Problem to work on - All lines from the one with "Affluent de l'Arré à Airion" to the end of the data: return those exactly, and only those.

Records from a data source:
Content starts

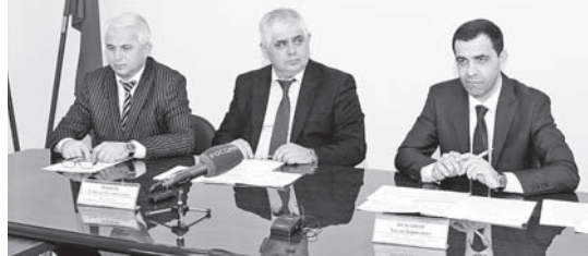
(Окончание. Начало на 1-й с.)

Об уже проведённых и планируемых работах в рамках проекта «Общественные меры развития дорожного хозяйства» в числе прочего подразумевает увеличение числа контрактов, предусматривающих применение новейших технологий и материалов. В Кабардино-Балкарии уже на двадцать одном объекте применены эти технологии и использованы материалы, благодаря которым улучшается сцепление на дороге, увеличивается прочность покрытия и повышаются его водоотталкивающие свойства. В их числе – первый сантехнический надрокрут в этом году объект – участок дороги «Нарткала – Урвань – Рыболитник». Увеличилось также и число контрактов, заключаемых на принципах жизненного цикла, что позволяет подрядчикам получать финансирование не только на выполнение дорожных работ, но и на содержание объекта, своевременно подбирать технику и закупать материалы, лучше сконцентрироваться на качестве ремонта.
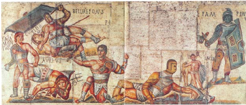
Resim 5- Farklı türde gladyatör dövüşçüsünü gösteren mozaik sahnesi.
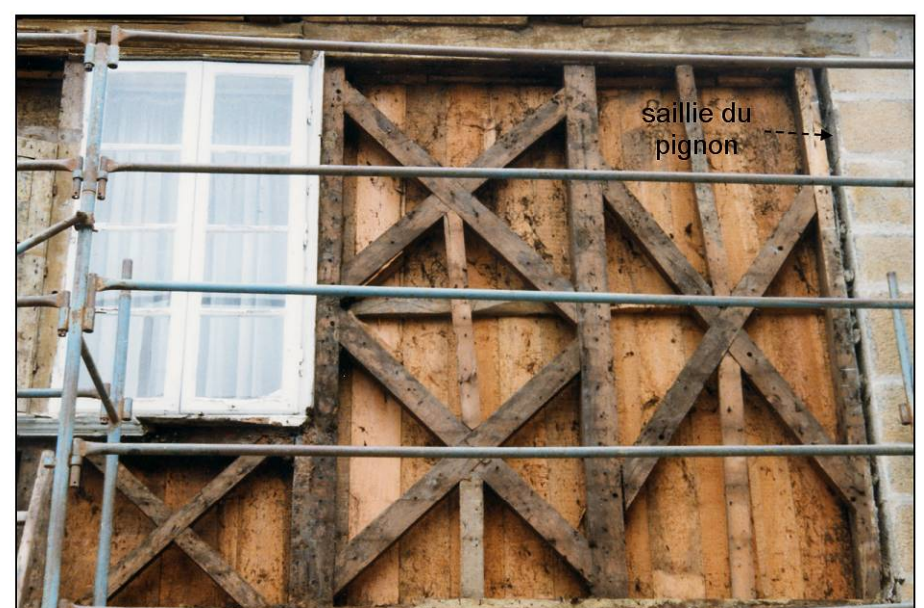
Fig. 1.5. Travées 7, 8 et 9
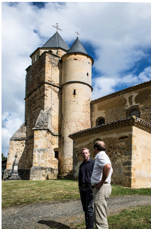
L'église et sa tour
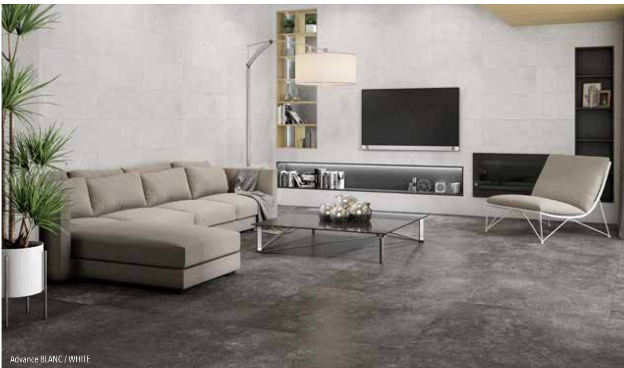
Advance BLANC / WHITE
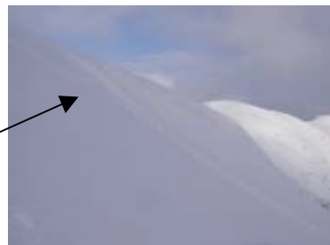
図3 稜線に発達している雪庇の状況
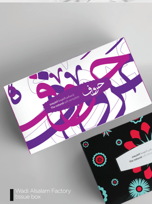
Wadi Alsalam Factory tissue box
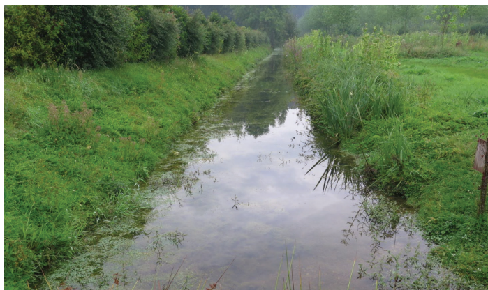
Affluent de l'Arré à Airion

En 2018, le SMBVB a prévu de réaliser des travaux de restauration sur un affluent de l'Arré, au niveau de la commune d'Airion. Il interviendra également sur la Brèche sur le secteur de Monchy Saint Eloi et de Nogent sur Oise, afin de remettre en eau d'anciens méandres actuellement déconnectés et de restaurer la continuité écologique au niveau d'un pont. Enfin, si les conditions sont réunies, des travaux de restauration de la continuité écologique à Clermont et Fitz-James seront mis en œuvre.

Content ends

Response box -
Affluent de l'Arré à Airion

En 2018, le SMBVB a prévu de réaliser des travaux de restauration sur un affluent de l'Arré, au niveau de la commune d'Airion. Il interviendra également sur la Brèche sur le secteur de Monchy Saint Eloi et de Nogent sur Oise, afin de remettre en eau d'anciens méandres actuellement déconnectés et de restaurer la continuité écologique au niveau d'un pont. Enfin, si les conditions sont réunies, des travaux de restauration de la continuité écologique à Clermont et Fitz-James seront mis en œuvre.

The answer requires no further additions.